Reform Pathways: The Way Ahead
At the heart of this issue is a very delicate balance between the police and the EM. With time, the gulf between them has widened, and addressing these divergences requires systemic reforms rather than incremental adjustments. The police and EMs must be trained jointly to develop a shared understanding of preventive law, evidentiary standards and operational constraints. Focus should be on clear guidelines for initiating proceedings, particularly clarifying terms, such as ‘likely’, ‘habitual’, and so on, through various case studies. EMs also require training in evidence appreciation, digital documentation and order-writing to strengthen procedural robustness.

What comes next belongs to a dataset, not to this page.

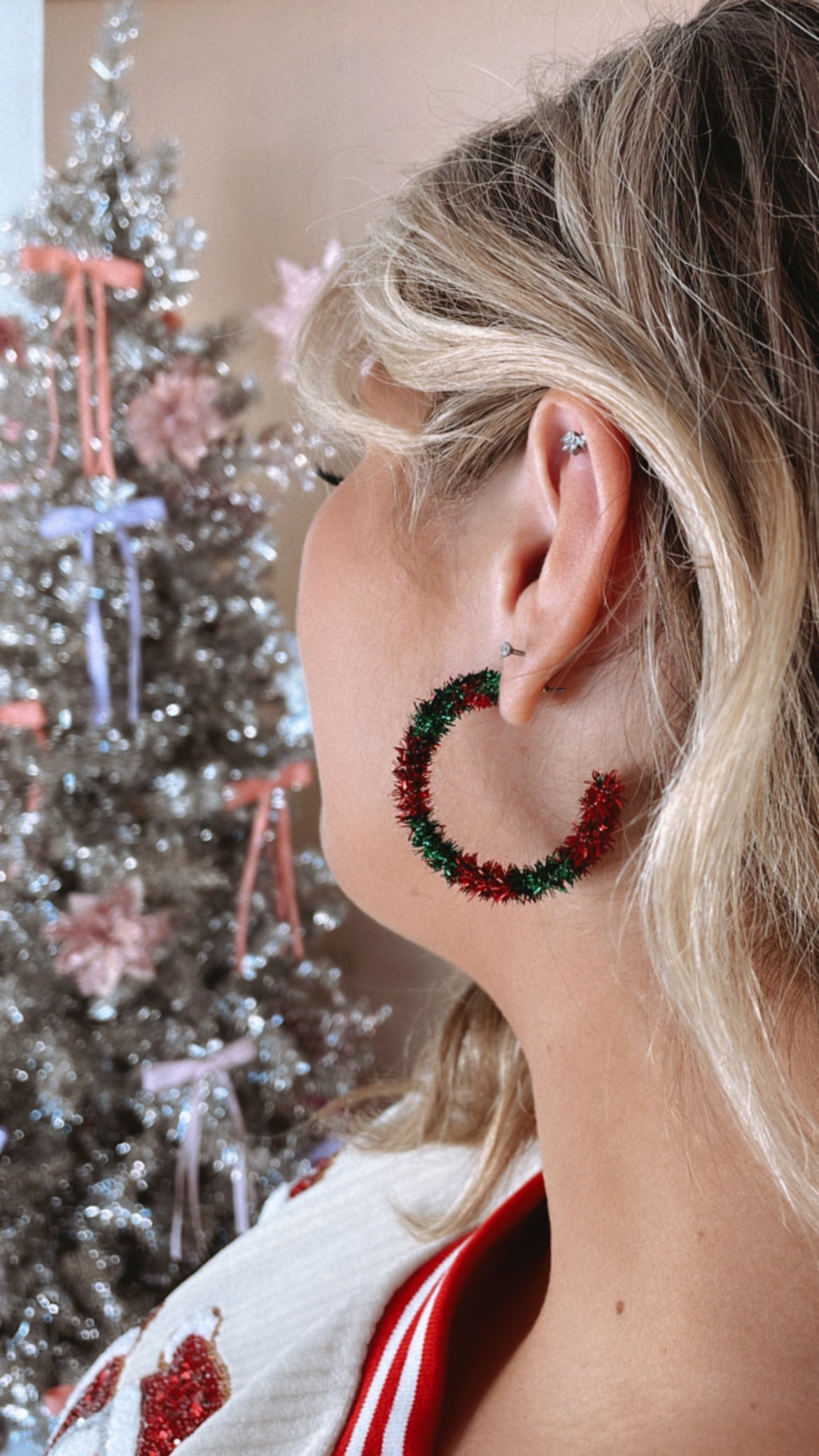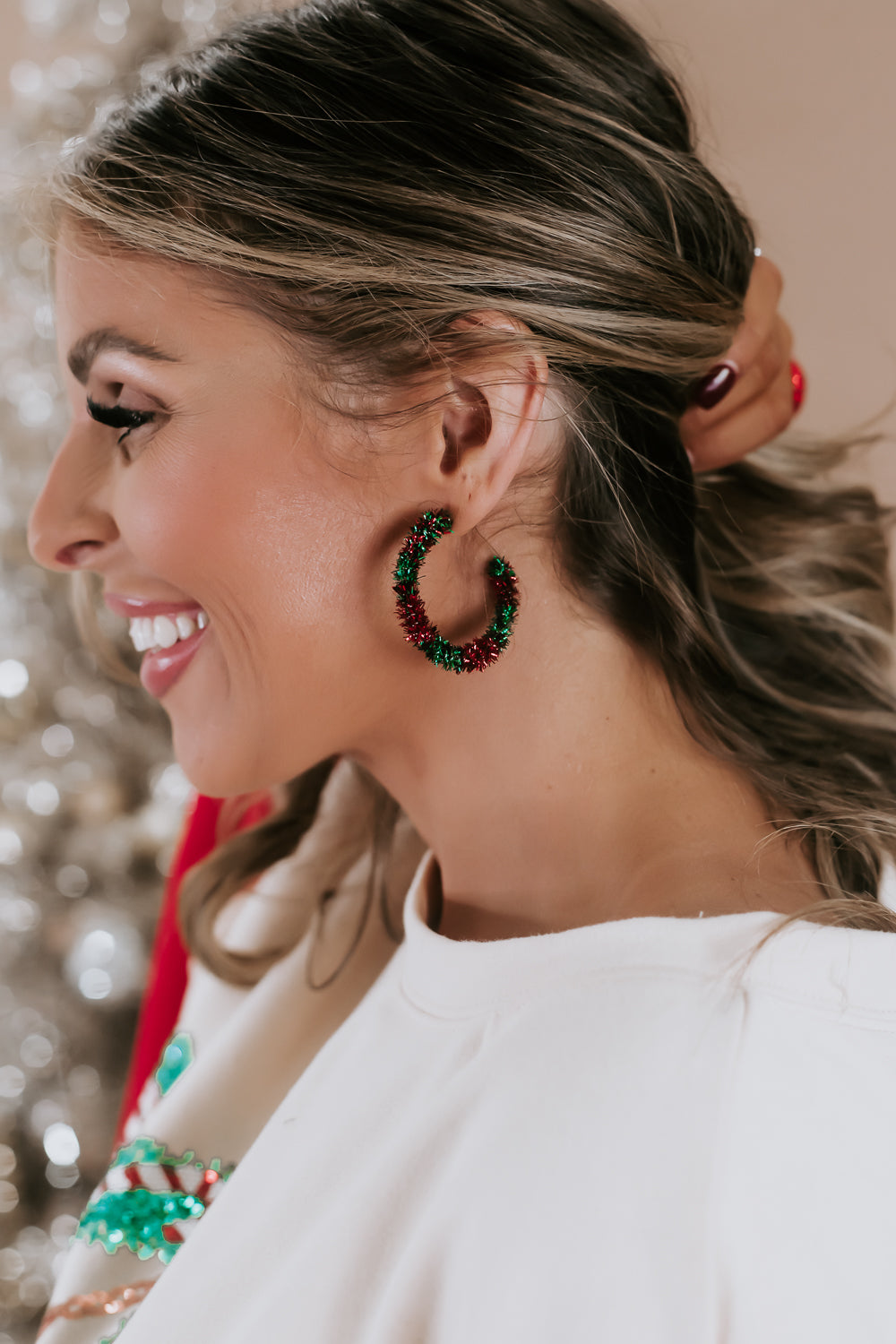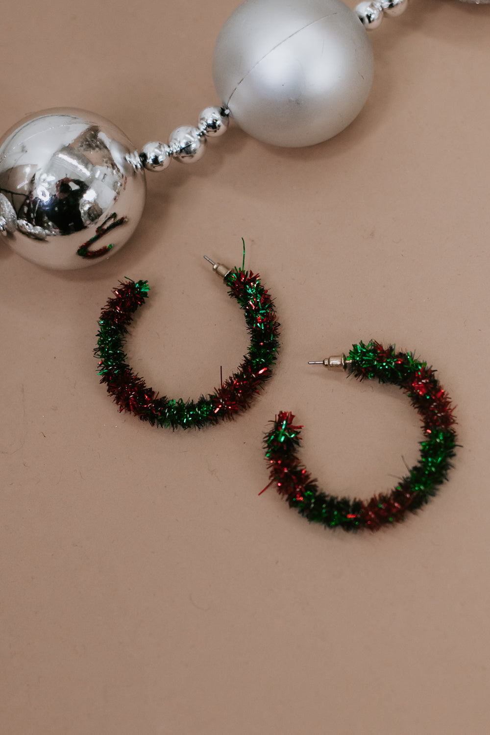 These playful earrings bring the holiday spirit to life with their wreath-inspired design adorned with cheerful tinsel. Perfect for adding a pop of color to your holiday outfits, these hoops capture the joyous essence of Christmas.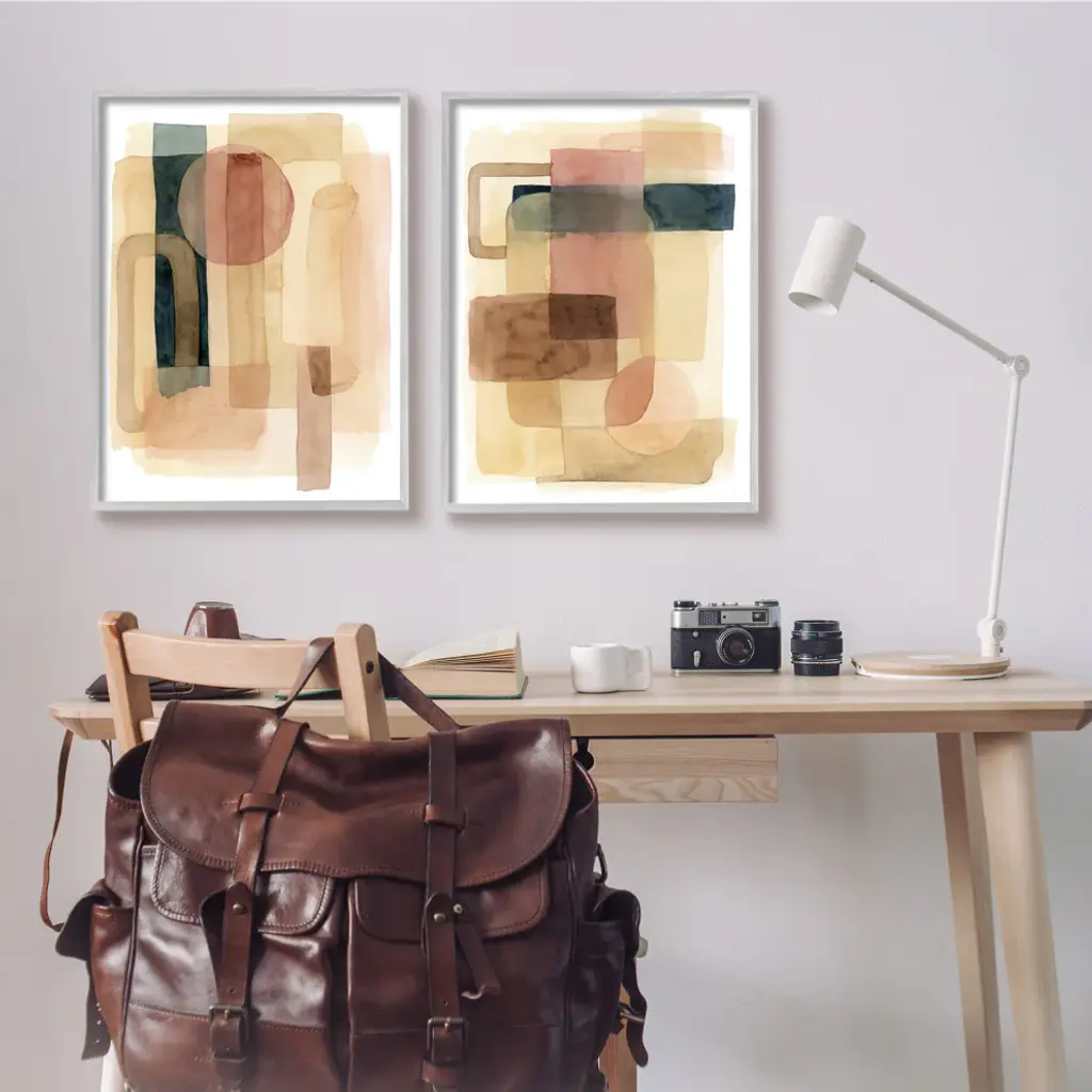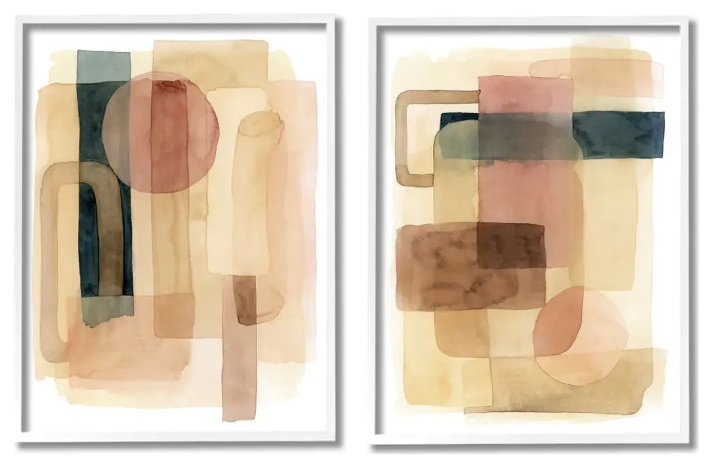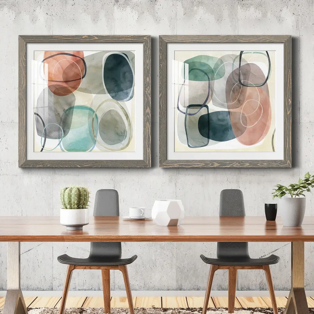 Geometric Shapes Abstract Transparent Clustered Forms Overlapped, 2Pc, 24 X 30

There should also be a de-emphasising of quantitative targets, such as the number of persons bound down, and it should be replaced with a qualitative assessment of outcomes, along with fixing accountability for preventive failure. Every incident of rioting or breakdown of public order should be followed by a post facto assessment of the failure of preventive mechanisms, with findings systematically disseminated to enable cross-learning among all relevant stakeholders. Police should be accountable for the quality of reports and evidence, not merely for forwarding cases. Very rarely, though not unheard of, situations arise where poor training meets a passion for targets and numbers. Recently, a high court questioned the SDM on the basis of initiating proceedings under Section 107 CrPC. The SDM admitted he relied solely on a police report that contained only vague apprehensions and no supporting material or antecedents of the individuals. Irked by this, the court commented that the SDM had not read Section 107 CrPC till date (Santosh Singh v. The State of Bihar, 2022).
Lastly, police manuals and administrative rules have not received the necessary updates across states following the enactment of new criminal laws. They must be updated to reflect contemporary realities, especially in light of modern challenges posed by social media, artificial intelligence, cyber crime and fake news.
Conclusion
The courts of the SDM and EM are powerful tools. Working closely with the police, they have the means and the wherewithal to not only pass orders, provide speedy justice, but also execute their orders. While the enforcement of decrees or conduct of sessions trials under the BNSS is often prolonged and cumbersome, summary proceedings before EMs offer timely relief and practical remedies. Drafting new criminal laws is a welcome step, but it must be complemented by substantive reforms in policing and administration to achieve meaningful impact. The present moment presents a critical opportunity that must not be undermined by institutional frictions, and past missed opportunities should be treated as instructive lessons to enable more decisive, coordinated and forward-looking action across the system. In the end, laws gain real meaning only when supported by efficient enforcement, coordinated institutions and a proactive administrative approach.
Footnotes
Declaration of Conflicting Interests
The author declared no potential conflicts of interest with respect to the research, authorship and/or publication of this article.
Funding
The author received no financial support for the research, authorship and/or publication of this article.